Equally diligent is the latest star in town, Caprial Pence, 24, chef at the handsome, pricey Fullers in the Seattle Sheraton Hotel. After three years in training jobs, Pence took over as chef in 1987. Now she turns out dishes that are as delicious as they are pretty, among them a colorful spinach salad with warm duck and orange sections topped with a rosette of Japanese red pickled ginger, and mellow ravioli filled with crab meat and hazelnuts. Born in Pasco, Wash., and trained at the Culinary Institute of America in Hyde Park, N.Y., Pence believes that Seattle is just the right size to support experimental restaurants. Says she: "It's a city that is small town enough but still not in the boonies."
But even in Seattle, not all culinary creativity meets with equal success. Take Le Gourmand, which despite its French name offers the local cuisine. Run for three years by Bruce Naftaly, 34, and Robin Sanders, 35, the restaurant produces lackluster food and some needless extra irritants. The tone of service is both chummy and didactic. An unsmilingly intent preppie waiter offers the "observation" that the regular coffee has far more flavor than the espresso. As for ice cream, one can have it "nestled" beside a poached pear, but in the waiter's opinion, "it is good enough to stand on its own," a promise not fulfilled by the bland dessert.

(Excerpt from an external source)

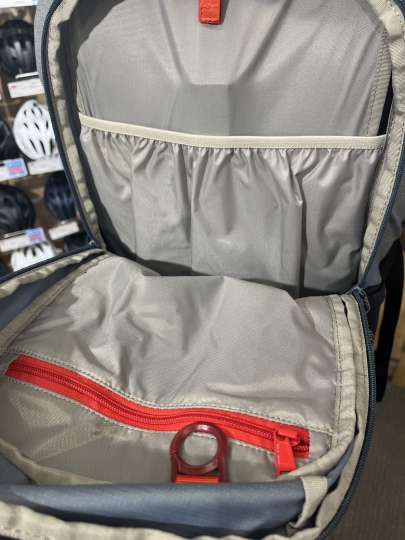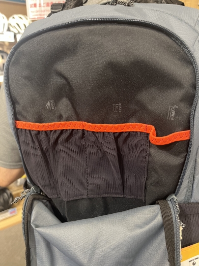 フラットで伸縮性のあるメッシュポケット/ジップサイドポケット/ヘルメットホルダー/ジャケットの収納やトレッキングポールの取り付けなどが可能な3つの機能を持つマルチファンクション・ドローコードを装備/背面とショルダーストラップには3Dメッシュ/反射材/ハイドレーションシステムポート/レインカバー装備

All these chefs rely on the same enviable sources. They may shop at the festive Pike Place Market or buy directly from free-lance foragers who search out wild weeds, berries and mushrooms in nearby fields and woods. Another source is the small boutique farms sponsored by the chefs for raising game birds and organically fed animals. For salads, shopping lists may include some attractive exotic entries: lovage, hyssop, yarrow, vetch, pansies, nasturtiums, fava bean blossoms and shepherd's purse.
From the sea surrounding Puget Sound comes a bounty of oysters such as Hamma Hamma, Penn Cove, Willapa Bay, Kumamoto, Shoalwater Bay and Olympia. Some varieties will be served raw with a raspberry peppercorn mignonette sauce -- a specialty at Fullers. At the sparkling Cafe Sport, Tom Douglas, 29, sautes oysters with chili spices and turns out fluffy Dungeness crab cakes and seductive broiled Japanese Kasu cod with an "ocean salad" of marinated seaweed.
Perhaps the most delectable oyster invention of all belongs to Karl Beckley, 34, who combines the mollusks with corn in airy pancakes topped with salmon caviar at his postmodern, pastel-spattered Green Lake Grill. Cream of nettle soup and roast rabbit with sweet peppers and glazed garlic cloves are some of Beckley's other triumphs.
Seattle's ocean feast is dazzling in its diversity. Coral-shelled "singing" scallops that send forth quiet popping noises when swimming and sweet Penn Cove mussels vie for places on seafood menus with assorted salmons (coho, chinook, silver, sockeye, king) and several types of rockfish and cod. The silken black cod also known as sablefish is especially enticing in the pomegranate sauce that glosses it at Le Tastevin. Then there is geoduck (pronounced gooey-duck), a giant clam that can be sauteed with the robust Mediterranean seasonings that befit what might be described as clam-flavored squid.
What all these chefs share with the thousands of young people who have migrated to Seattle is an appreciation of the city's livable pace and casual life-style and its nearness to sea and mountains. In exchange, they seem willing to endure weather reports that read, "Rain, followed by showers" (a prediction for six days in a row in March). But perhaps it is the cloudy skies that in the end attract visitors to the great indoors of Seattle's innovative restaurants. After all, if you can't walk around the waterfront or ferry to the outlying islands, you might as well eat.